» WHAT TO DO
As the answer, give exactly the lines of the records below from the one with "346 Bague vaguelette" through the one with "Beautiful landscape of", ends included and pictures left out.
╭─ DATA SUPPLIED
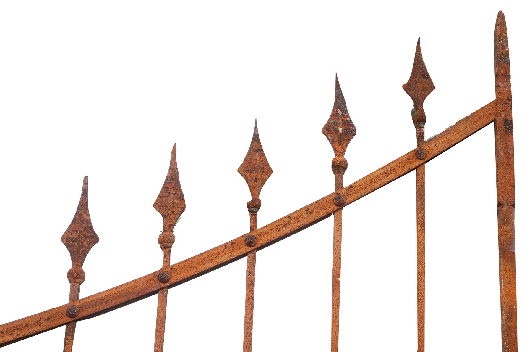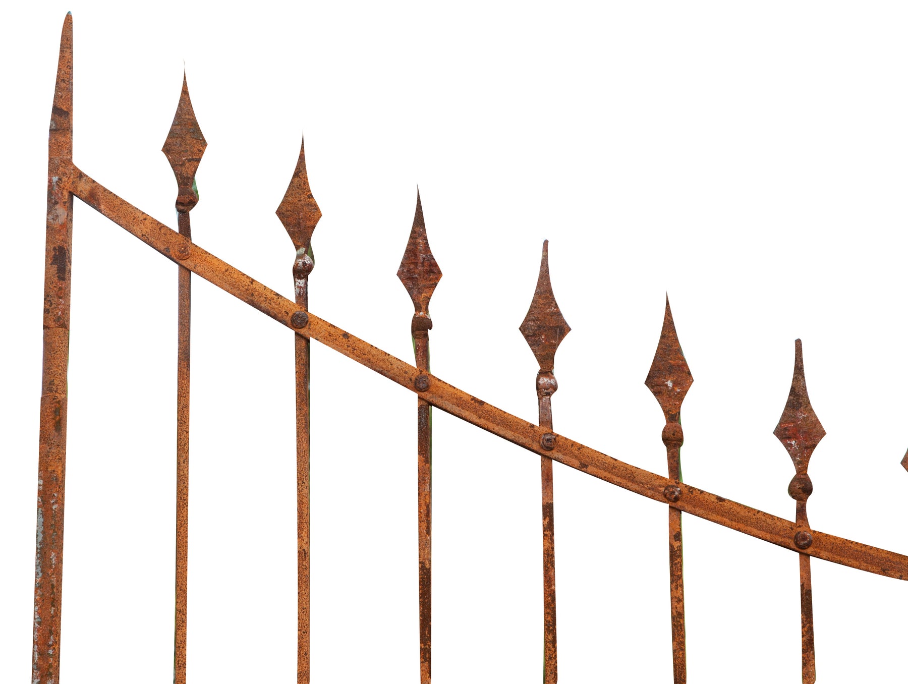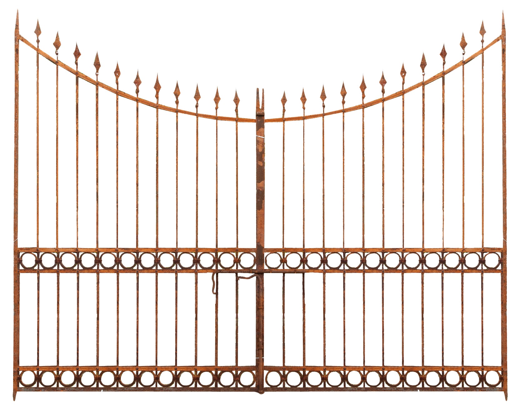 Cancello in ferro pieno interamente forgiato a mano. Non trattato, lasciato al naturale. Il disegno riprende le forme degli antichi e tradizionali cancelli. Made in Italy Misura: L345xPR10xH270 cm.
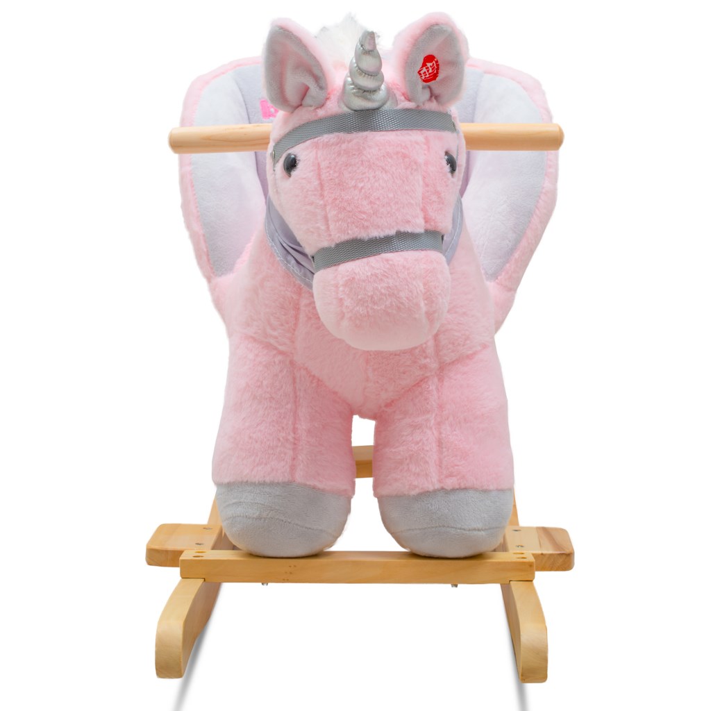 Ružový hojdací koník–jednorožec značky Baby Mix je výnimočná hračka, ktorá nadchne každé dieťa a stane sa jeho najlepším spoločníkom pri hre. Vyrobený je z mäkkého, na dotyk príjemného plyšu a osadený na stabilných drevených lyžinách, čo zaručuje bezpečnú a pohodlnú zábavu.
╰─
╭─ DATA SUPPLIED
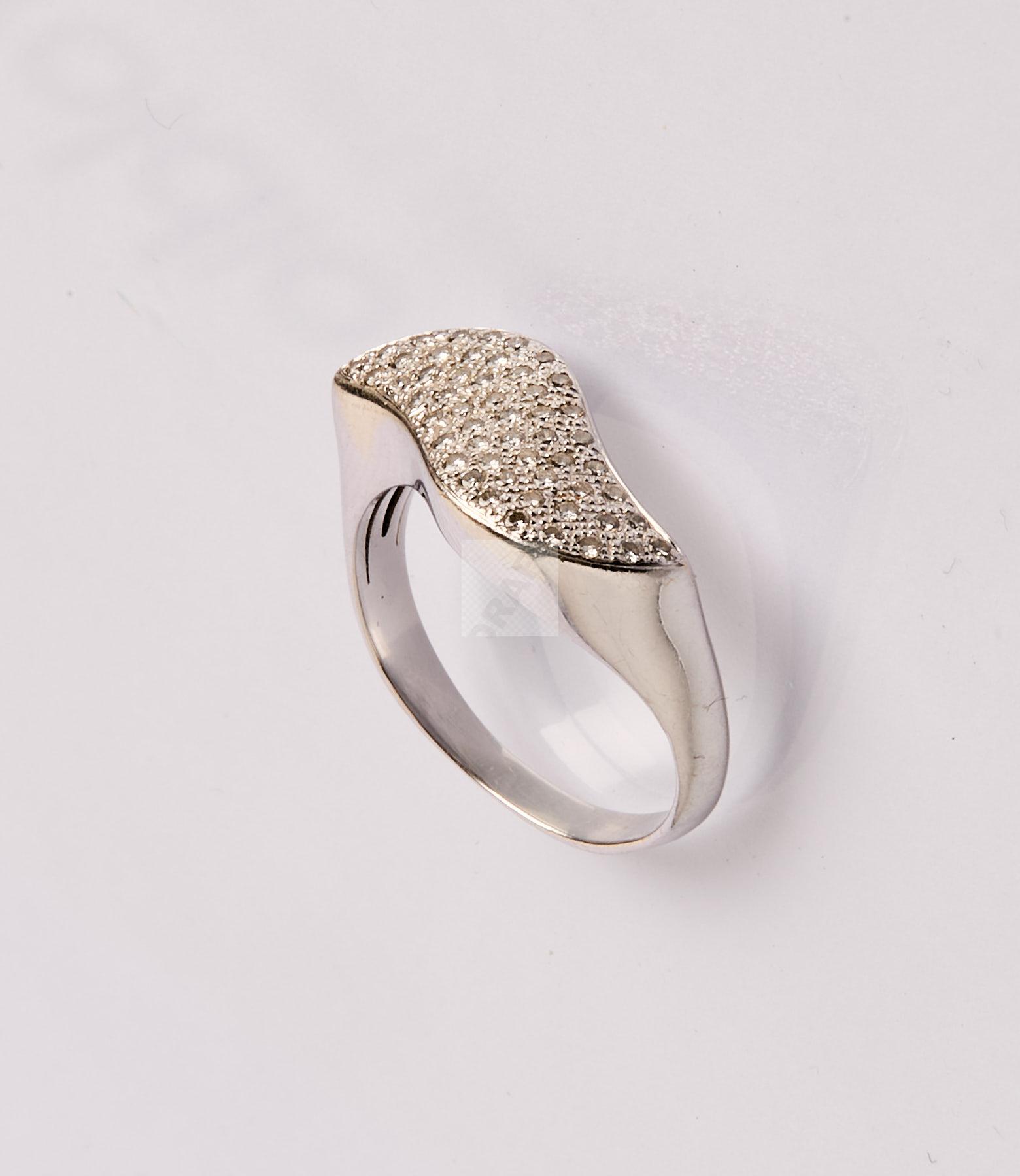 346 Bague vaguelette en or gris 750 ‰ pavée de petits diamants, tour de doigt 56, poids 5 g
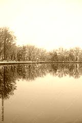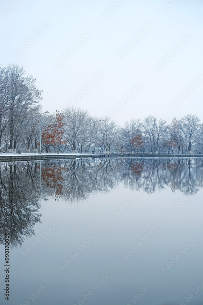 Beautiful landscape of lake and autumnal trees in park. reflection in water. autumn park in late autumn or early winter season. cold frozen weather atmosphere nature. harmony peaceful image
╰─
» ANSWER SECTION
 346 Bague vaguelette en or gris 750 ‰ pavée de petits diamants, tour de doigt 56, poids 5 g
 Beautiful landscape of lake and autumnal trees in park. reflection in water. autumn park in late autumn or early winter season. cold frozen weather atmosphere nature. harmony peaceful image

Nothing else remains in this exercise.